Das Risiko Spontaneität
Vielleicht habe ich mir gerade deshalb dieses Ziel gesetzt, einen Podcast einzusprechen zum ersten Mal ohne Skript, also frei von der Leber weg zum Thema Ziele setzen. Das erinnert mich an einen Spruch, der so alt ist, dass ich gar nicht mehr weiß, wer ihn erfunden hat: Spontanität will wohl überlegt sein. Das ist natürlich ein Widerspruch in sich, macht aber nichts. Denn das hat indirekt auch mit unserem Thema zu tun: Wie viel Spontanität brauche ich? Wie viel Mut habe ich, um aus dem Bereich dessen, was ich kenne heraus zu treten, um was Neues zu erfahren und damit auch Neues zu lernen?
Für Entwicklung braucht es Mut
Wie ist das mit Azubis, was wünschen wir uns von Azubis? Wir hätten gerne, dass die jungen Leute sich Herausforderungen stellen, dass sie etwas beginnen, etwas tun, das sie bisher noch nicht getan haben, sich auf Neues einlassen, neue Dinge ausprobieren, Erfahrungen machen, neue Dinge lernen. Dazu braucht es eine Eigenschaft mit drei Buchstaben: MUT. Immer wenn ich mich einer Herausforderung stelle, brauche ich Mut, denn ich riskiere ja immer, dass ich diese Herausforderung nicht bestehe. Jede Herausforderung birgt das Risiko des Scheiterns in sich, . So zum Beispiel auch meine Übung, heute diesen Podcast zum ersten Mal ohne Skript frei zu sprechen. Das kann ja auch schiefgehen.
Routine in der Bequemlichkeitszone
Ich kenne Menschen, die haben sich ihr Leben tatsächlich so eingerichtet, dass sie im Grunde keinem Ziel folgen. Das „im Grunde“ ist wichtig, darauf komme ich später noch zurück. Ich kenne Menschen, deren Leben verläuft nach einem strikten Muster: morgens aufstehen, optional Zigarette, ganz bestimmt aber Kaffee, vielleicht im bisschen Frühstücksfernsehen oder auch auf die altmodische Art Zeitung, dann ab ins Auto, Kilometer runterreißen zur Arbeit, dort arbeiten. In der Mittagspause irgendetwas schlabbern und weiter arbeiten, nach Hause fahren , vielleicht einmal die Woche etwas einkaufen und dann wieder zu Hause sitzen.
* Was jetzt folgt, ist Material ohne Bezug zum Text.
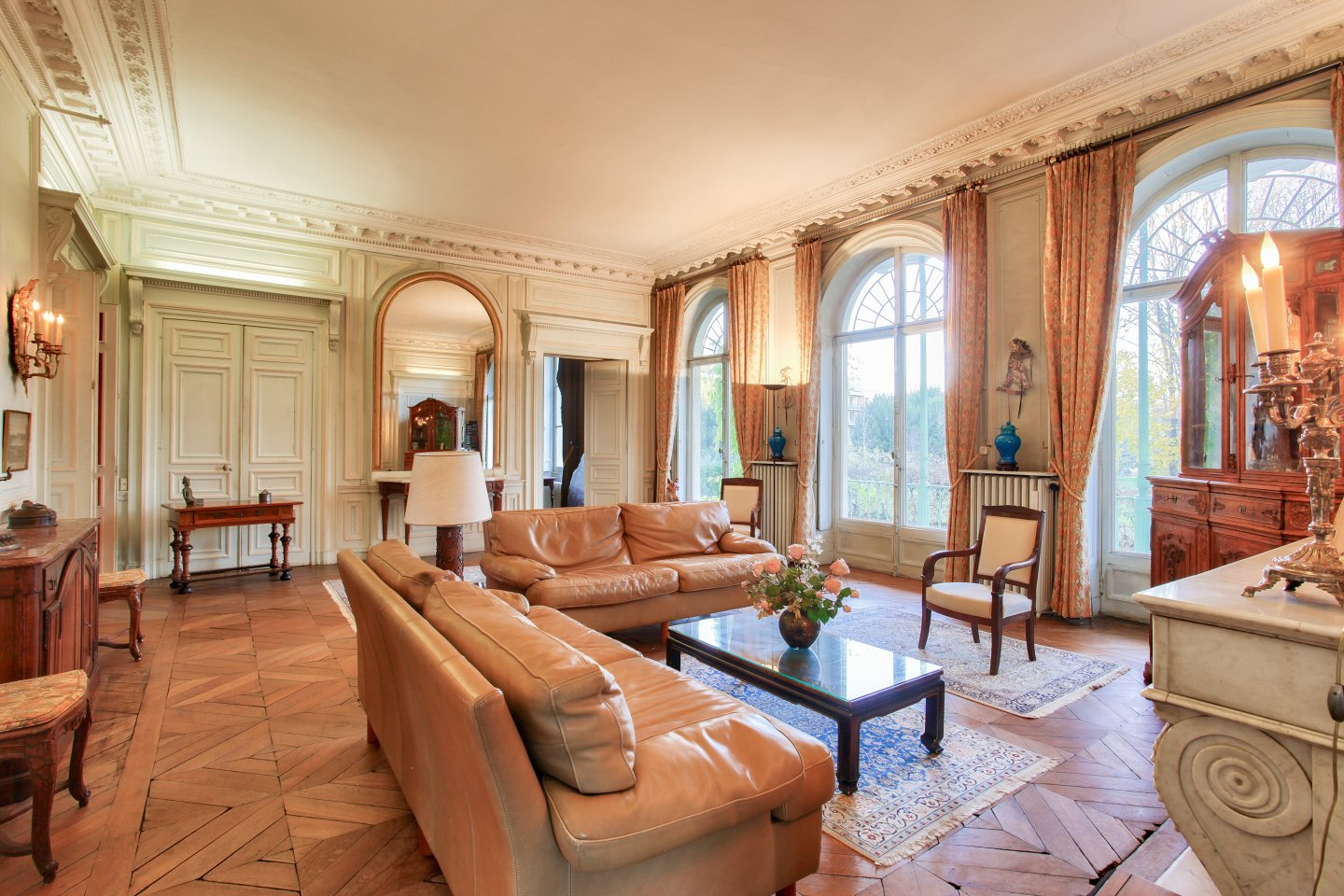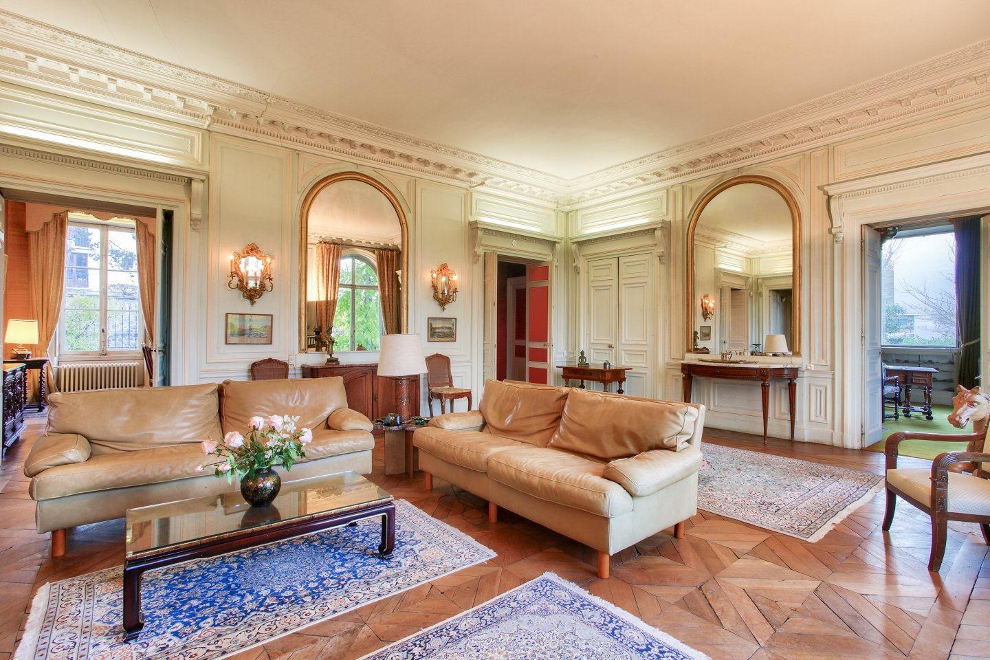 Cet appartement occupe le rez-de-chaussée de la Maison des Colonnes, érigée en 1826 par l'architecte Auguste Jean-Marie Guénepin sur le domaine de l'ancien Château de Bellevue. Il se caractérise par son agencement de plain pied, ses plafonds remarquablement élevés ornés de moulures et ses parquets en chêne d'époque. L'entrée donne accès à une somptueuse pièce de vie/salon avec cheminée en marbre, de grandes portes-fenêtres ouvrent sur une terrasse pour descendre dans le parc et le jardin privatif. Un bureau/chambre avec une double exposition est situé en enfilade du salon qui ouvre également sur une grande salle à manger. L'espace nuit avec d'un côté une spacieuse suite parentale avec salle de bains, dressing et wc séparés et de l'autre côté deux chambres. Depuis l'entrée on accède à la cuisine et son arrière cuisine qui mène à une terrasse exposée sud-est, une chambre de service, des wc, une salle d'eau avec accès indépendant . Au sous-sol une vaste cave avec fenêtres et une cave à vins. Jardin privatif de 380 m² en plus du grand parc commun aux 3 appartements de la copropriété. Possibilité de se garer sur le terrain. (4.00 % honoraires TTC à la charge de l'acquéreur.) Copropriété de 3 lots. Charges annuelles : 8250 euros.

Abendessen und natürlich fernsehen, irgendwann wieder eine rauchen optional vielleicht ein Bier, dann ab ins Bett und am nächsten Tag - wer hätte es geglaubt? - exakt das gleiche Muster. Ohne Angst vor Veränderung.
Überraschungen vermeiden
Das ist kein erfundenes Beispiel. Ich kenne solche Menschen, gar nicht wenige übrigens, die genau diesem Muster folgen und auf den ersten Blick kein Ziel verfolgen. Tatsächlich aber tun sie es doch. Dieses Muster bietet einen großen Vorteil: Ich muss mich keiner Herausforderung stellen. Nicht mal der Herausforderung, Positives zu erfahren, angenehme Überraschungen zu machen, nette Menschen kennenzulernen oder die Erfahrungen zu machen: Wow, ich habe mich jetzt einer Herausforderung gestellt und hab tatsächlich einen Erfolg.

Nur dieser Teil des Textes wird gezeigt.